Opinión

Disección del Fránkensmont

La euforia con la que Sánchez celebró su investidura, seguida de su disfrute rellenando la quiniela del nuevo Gobierno, es este miércoles un vago recuerdo porque tras la fiesta hay que recoger y limpiar el desorden que ha dejado el guateque de la impunidad. Ni una semana de cortesía le han dado sus socios podemitas, ni tampoco el Parlamento Europeo, que hoy debate sobre la situación del Estado de derecho y la ley de amnistía en España. El Estado y el Derecho están amenazados por la lawfare y el Fránkensmont, que es la nueva versión del Sánchestein, con la incorporación del prófugo Carles y su siniestro flequillo amnistiado. El Fránkensmont significa la resurrección del monstruo de 2017 que ocasionó violencia, la intervención del Rey y de los tribunales, la huida cobardica del maletero, un juicio histórico con penas de cárcel y los indultos. Y el Fránkensmont también es el enterramiento de la separación de poderes, de la igualdad entre territorios y ciudadanos y de la victoria de la ley sobre la rebelión sediciosa y la malversación corrupta.

Pedro Sánchez ha dejado de ser el líder del jovencito Fránkenstein para convertirse en el padrino de la amnistía que reparte clemencia judicial como si España y los tribunales fueran suyos, como si la otra mitad de los españoles que rechaza la forma en la que se ha comprado la presidencia del Gobierno no existiera y fuera más ultra y más delincuente que los socios condenados con los que pacta. La mitad de España es etiquetada de facha y reaccionaria, mientras que la mitad que apoya a Sánchez es progresista aunque haya herederos políticos de la banda terrorista Eta, partidos de derecha burguesa como Junts y el PNV y comunistas bolivarianos podemitas como ese puzzle llamado Sumar, que lloriquea por la derrota peronista en Argentina a manos de otro ultra liberal como Milei.

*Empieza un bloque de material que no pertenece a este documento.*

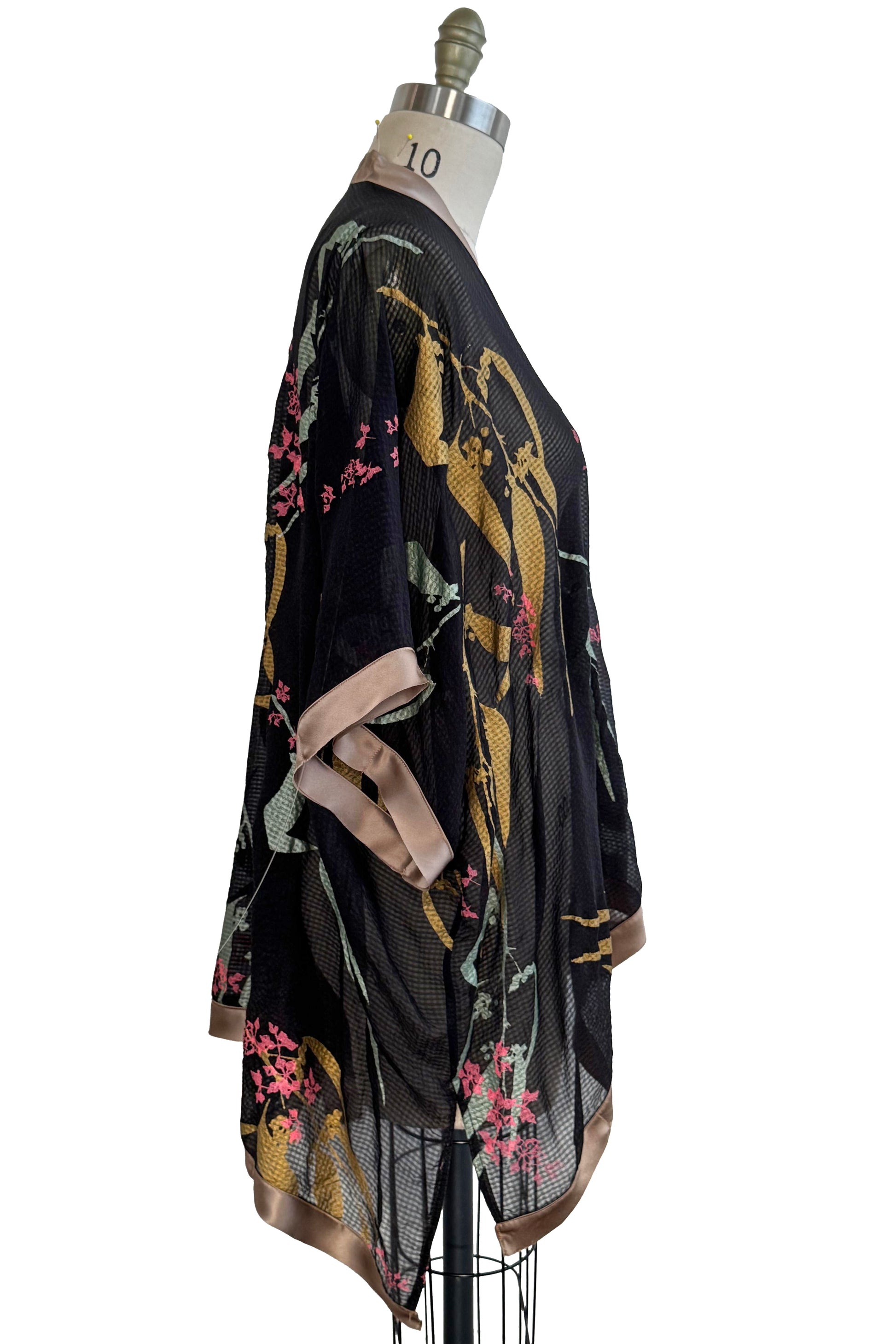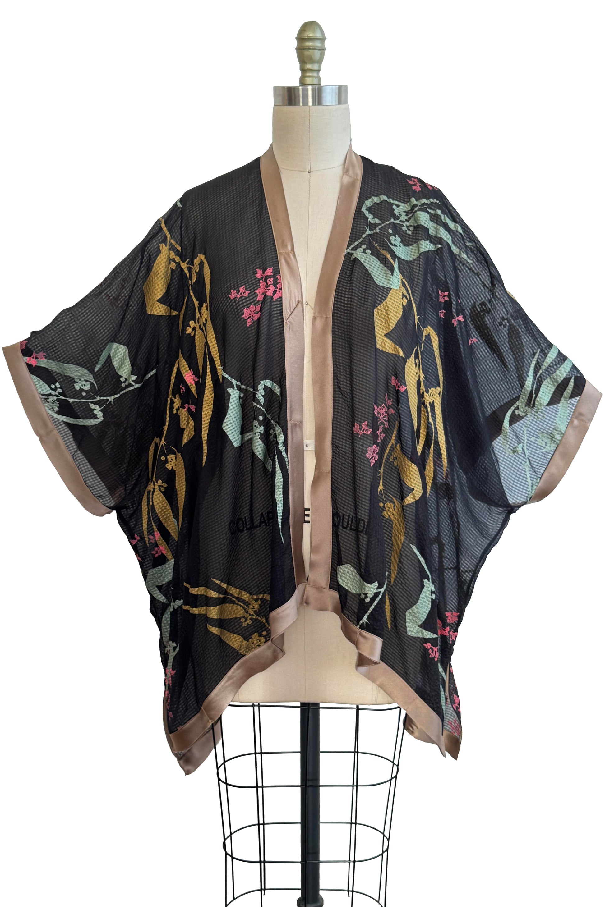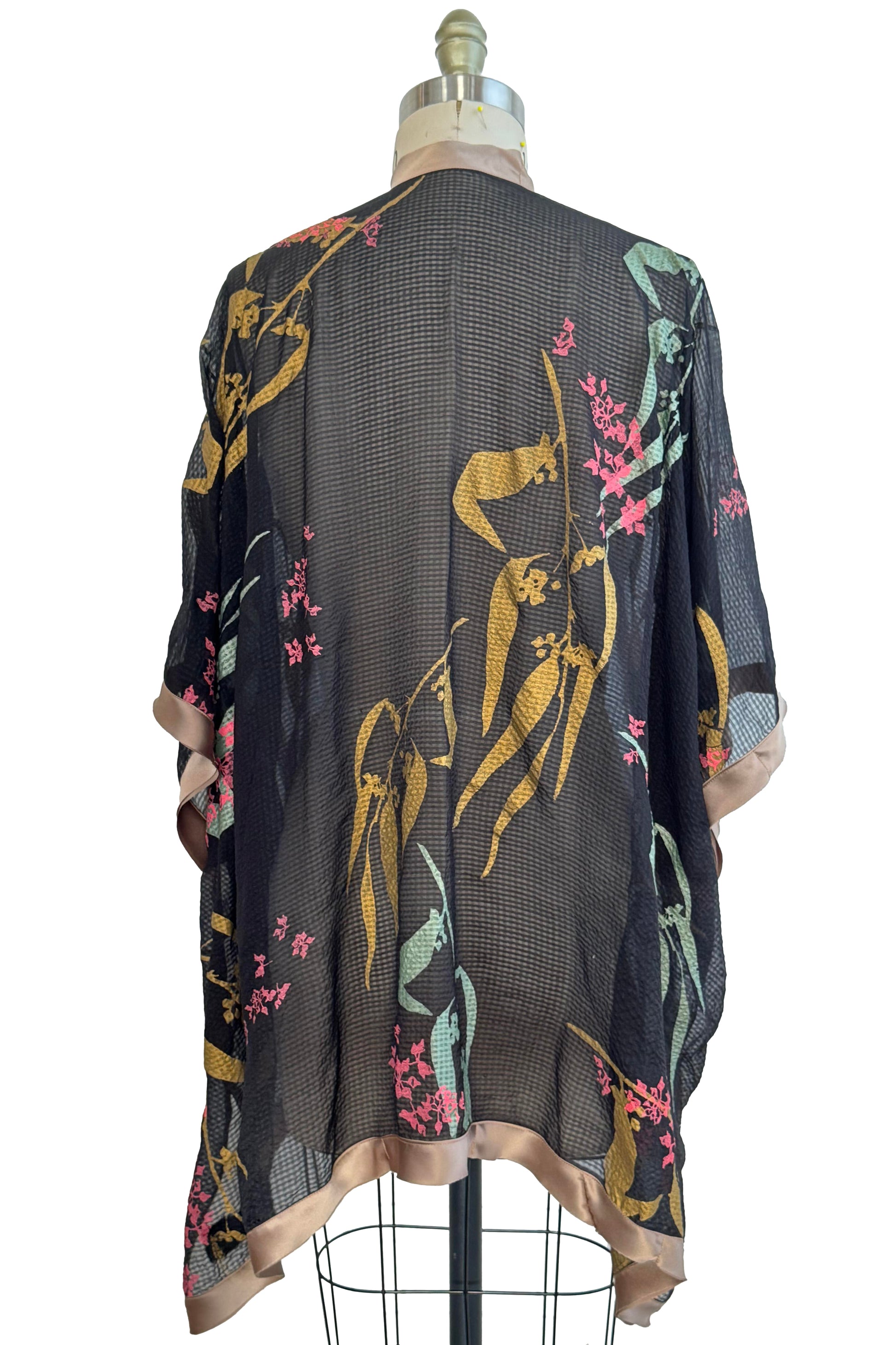 Lucianne Drape Seersucker Silk - Botanical Eucalyptus Print - Black

El Fránkensmont es la era por la que transita España en la que el Gobierno y sus socios pueden decir y hacer lo que quieran dentro y fuera del Congreso, mientras que a la oposición la acusan de alentar la violencia o la borran del diario de sesiones por hablar de golpe de Estado. Y golpe de Estado es lo que Puigdemont y sus colegas independentistas perpetraron en 2017 contra la integridad de España, sin disparos ni uniformes como el 23-F, pero con toda inconstitucionalidad sentenciada por el Supremo. El Fránkensmont viene a ser una deshonra para el interés general, que no persigue el bien común sino el bien particular de Sánchez y sus socios. Acuñamos pues, aquí y ahora, el término Fránkensmont, que sirve para definir la legalidad de una elección, pero también la amoralidad con la que se ha logrado. El Fránkensmont es el nuevo régimen que pretende liquidar el del 78, que sortea la Constitución por los atajos traseros con pactos impensables y que mete a España en una polarización premeditada y una confrontación calculada. El Fránkensmont fue creado en un laboratorio secreto de Waterloo, sin el conocimiento electoral debido, con oscurantismo y sin la participación de la mitad del pueblo español representado por PP y Vox.